Smith started to win No-Limit Hold’em and Seven-Card Stud tournaments in the late ’90s just before the online poker boom of the early 2000s. After winning his WPT title, he picked up a sponsorship deal with the burgeoning Full Tilt Poker. Known for his brash, sometimes tilt-inducing behavior at the table, Smith started getting invited to TV shows like Poker After Dark and Face the Ace.

In one of his most memorable appearances, Smith beat Phil Ivey, whom many consider the best poker player in the world, heads-up on Poker After Dark after consuming a number of alcoholic beverages.

Smith also had a long history of appearing on media programs and co-hosted a radio show on the defunct PokerRoad with Joe Sebok for a number of years.

Smith Admitted to Struggles in the Past

Gavin Smith would be the first person to admit he had some flaws.
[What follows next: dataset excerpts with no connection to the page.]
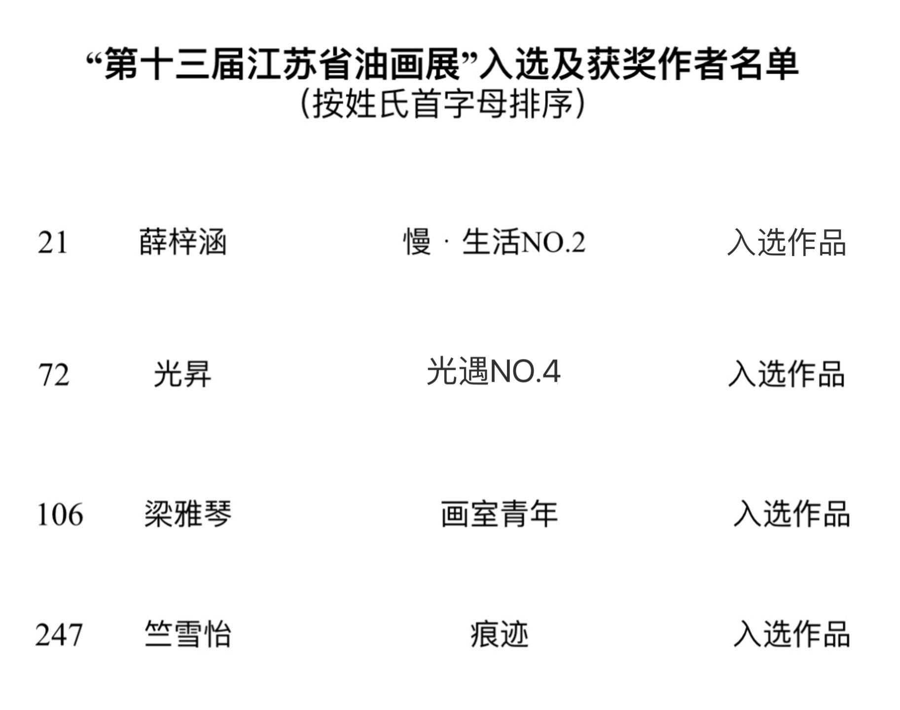 江苏省第十三届油画展 南京大学艺术学院入选名单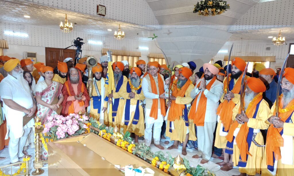 इससे पूर्व दरबार साहब में शब्द कीर्तन का आयोजन किया गया। उपस्थित संगत ने गुरु वाणी का श्रवण किया। आमंत्रित सभी अतिथियों को प्रबंधन कमेटी की ओर से सम्मान का प्रतीक सरोपा भेंट किया गया।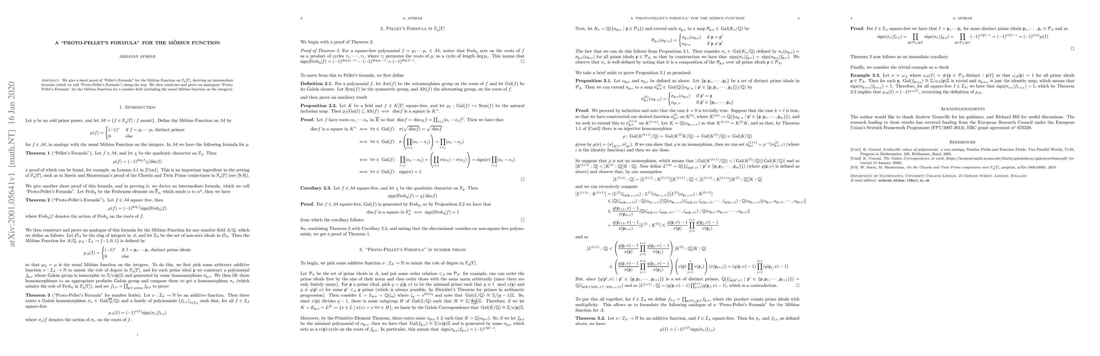 The paper provides a short proof of Pellet's Formula for the Möbius Function on Fq[T], deriving an intermediate formula called 'Proto-Pellet's Formula' along the way. It then constructs and proves an analogous 'Proto-Pellet's Formula' for the Möbius Function for a number field, including the usual Möbius function on the integers.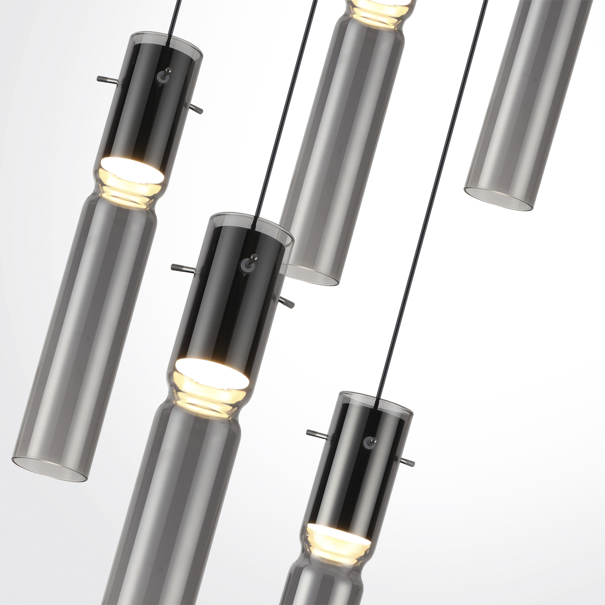 Линия Scrow — это вытянутые узкие подвесы из стекла популярных универсальных цветов smoky (дымчатый), amber (янтарный) и прозрачный. В линии есть каскадные люстры на базе подвесов. Трубчатые формы — это актуальный тренд в декоративном освещении, поэтому люстровые модели прекрасно будут смотреться в современных интерьерах. Цветовая температура LED- 3000К .

He had a reputation for partying, drinking and prop betting.

Over the years he struggled with alcoholism and was often intoxicated at the poker table or on the rail. At certain points he quit drinking but was never able to quit the habit completely.

Smith once told CardPlayer Magazine that he gave off the illusion of a happy person but on the inside had his own personal struggles.

Smith got a piece of validation in 2010 when he finally won his first WSOP gold bracelet for $268,000 in front of a packed room of friends and family.

Despite his struggles (or perhaps partially because of them) Smith was beloved in the poker industry by both his fellow players and the media. He was relatable. He was also a devoted father and often spoke of his two sons as being central to his life.

His passing inspired an outpouring of support from the poker community. Fellow poker pro Josh Arieh helped set up a GoFundMe page to help support Smith’s two sons. It took just one day to raise over $50,000, which illustrates how much the poker community cared about Smith.